To move from agent demos to AgentOps, I needed an architecture that made responsibilities explicit:
- what decides
- what evaluates
- what orchestrates
- what enforces correctness
Here’s the structure I ended up with:

1. agents/ — Where Decisions Live
The agents/expense_agent.py file represents the decision-making core.
This agent does one thing only:
- take user input
- extract structured details
- apply policy
- return a structured decision
{
"decision": "Approve | Reject",
"reason": "…",
"amount": 5000,
"expense_type": "travel"
}You cannot evaluate intelligence if the agent output itself isn’t deterministic and structured. By isolating the agent here:
- it can be reused by Copilot, Foundry agents, or backend services
- it can be evaluated independently
- it can’t “hide” behind conversational phrasing
2. tools/ — Policies and Formatting, Explicitly Separated
The tools/ folder holds logic that supports the agent but should never be mixed with orchestration.
policy_checker.py
This file contains pure policy logic: amount thresholds, luxury constraints and deterministic rules, This allowed me to answer a key evaluation question later - Did the agent fail because the policy was wrong or because reasoning was wrong?

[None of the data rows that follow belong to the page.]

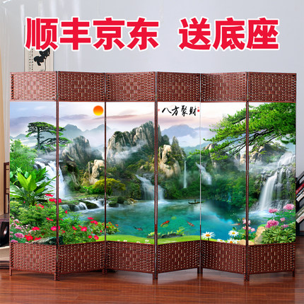 新式中式藤编屏风隔断办公室卧室折叠移动挡板挡风挡床客厅餐饮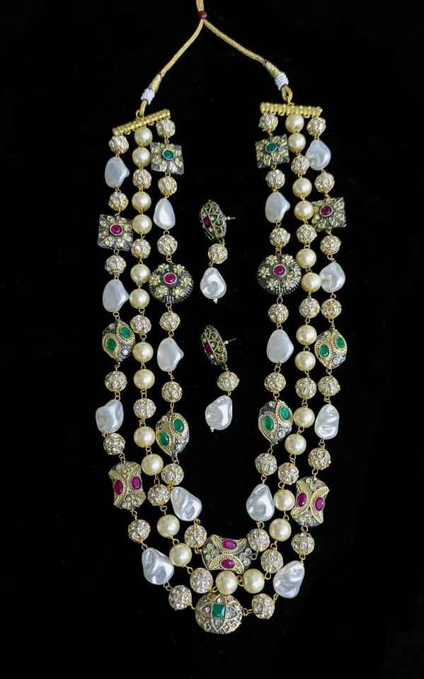 Indian Manufacturer Gold Plated Bollywood Pearl Ethnic Style Wedding Engagement Pearl Mala Necklace Sets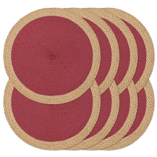 Noctiflorous Round Braided Placemats Set of 8 Table Mats 15 Inches Washable Heat Resistant for Dining Table Non-Slip Indoor Outdoor Place Mats for Thanksgiving Christmas Easter(Red Wide Edge 8)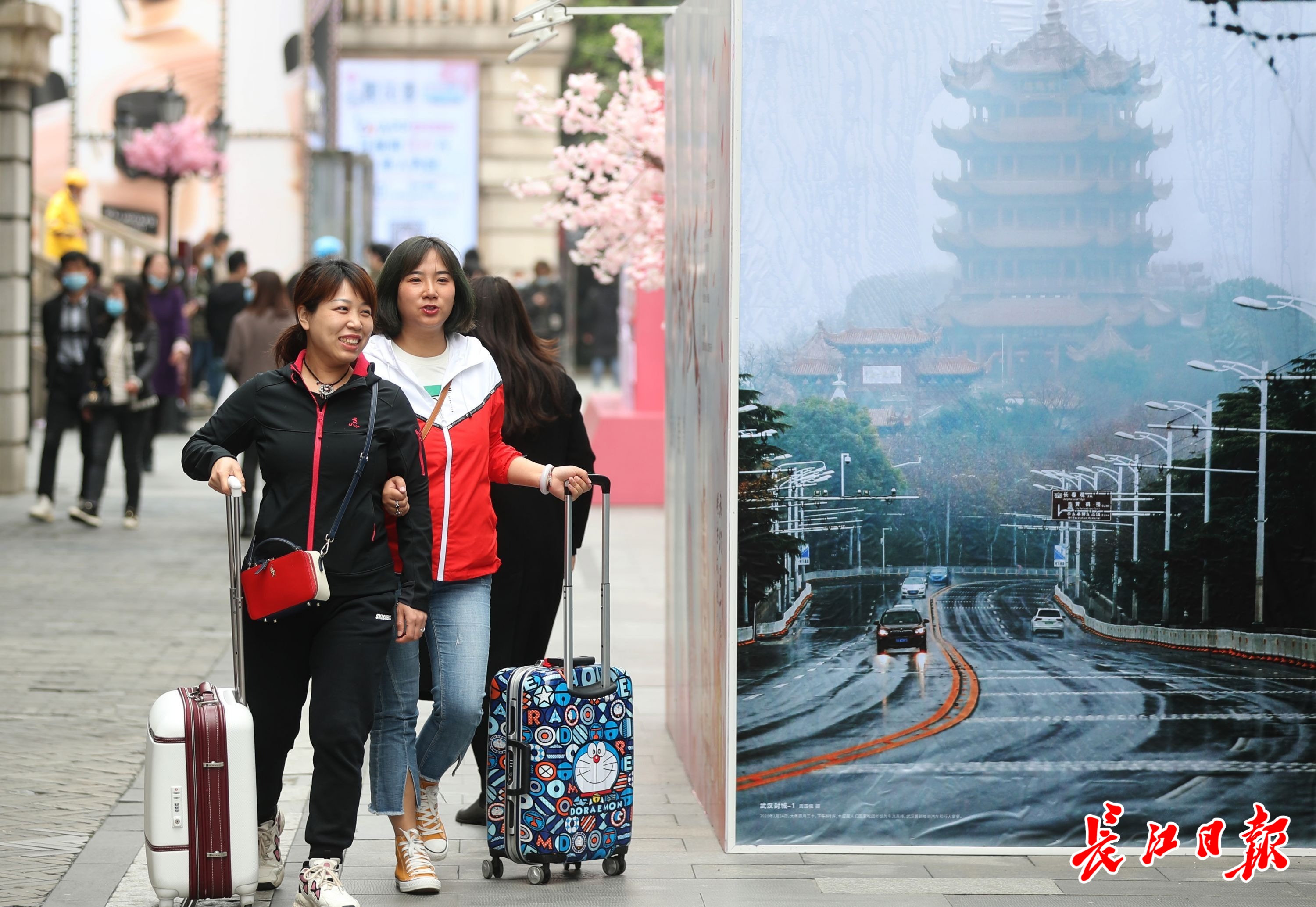 去年疫情期间,楚河汉街曾商户闭门、空无一人。8日虽然不是周末,楚河汉街依然人头攒动,人气很旺。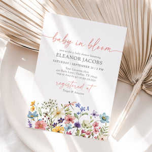 Celebrate a little one on the way with this wildflower baby shower invitation! This is a template that you can edit yourself at Corjl.com, then download and print with a printing service of your choice or send as a digital invitation.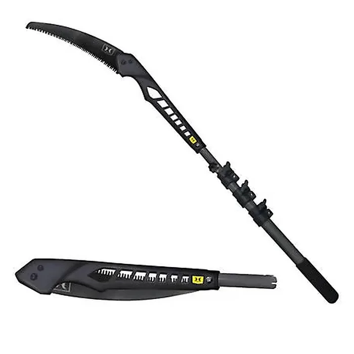 The HAWK 8FT Aluminum Telescopic Pole Saw is designed for efficient tree trimming and cutting. It features an 11-inch SK5 high carbon steel blade with patented teeth design for enhanced cutting performance. The black titanium nitride finish not only provides corrosion resistance but also allows for smoother cuts. This lightweight pole saw includes a durable casting aluminum head with a sleek black powder coating for added longevity and strength.

Without this separation, failures are impossible to diagnose.
formatter.py
Formatting was isolated deliberately. By treating formatting as a tool:
- prevented evaluation noise from phrasing changes
- ensured LLM judges saw consistent input
- avoided “false regressions”
3. evals/ — The Heart of AgentOps
This folder is where the AgentOps mindset lives.
test_cases.json
It’s a dataset which contains:
- standard cases
- edge cases
- ambiguous phrasing
- adversarial input
- noisy real‑world language
This dataset evolved over time and whenever I added new scenarios, regressions surfaced immediately.
native_evaluator.py
This file introduces LLM‑as‑a‑Judge, powered by Azure AI Foundry models. Important design choice:
- the judge evaluates reasoning quality
- it returns structured JSON
- it never overrides deterministic correctness
run_evals.py
This file ties everything together. For each test case, it:
- Runs the agent
- Applies deterministic correctness checks
- Invokes the Foundry‑backed LLM judge
- Classifies failure types
- Aggregates accuracy
- Generates an HTML report
- Exits with a CI‑friendly status code
This is where I stopped trusting outputs and started trusting signals.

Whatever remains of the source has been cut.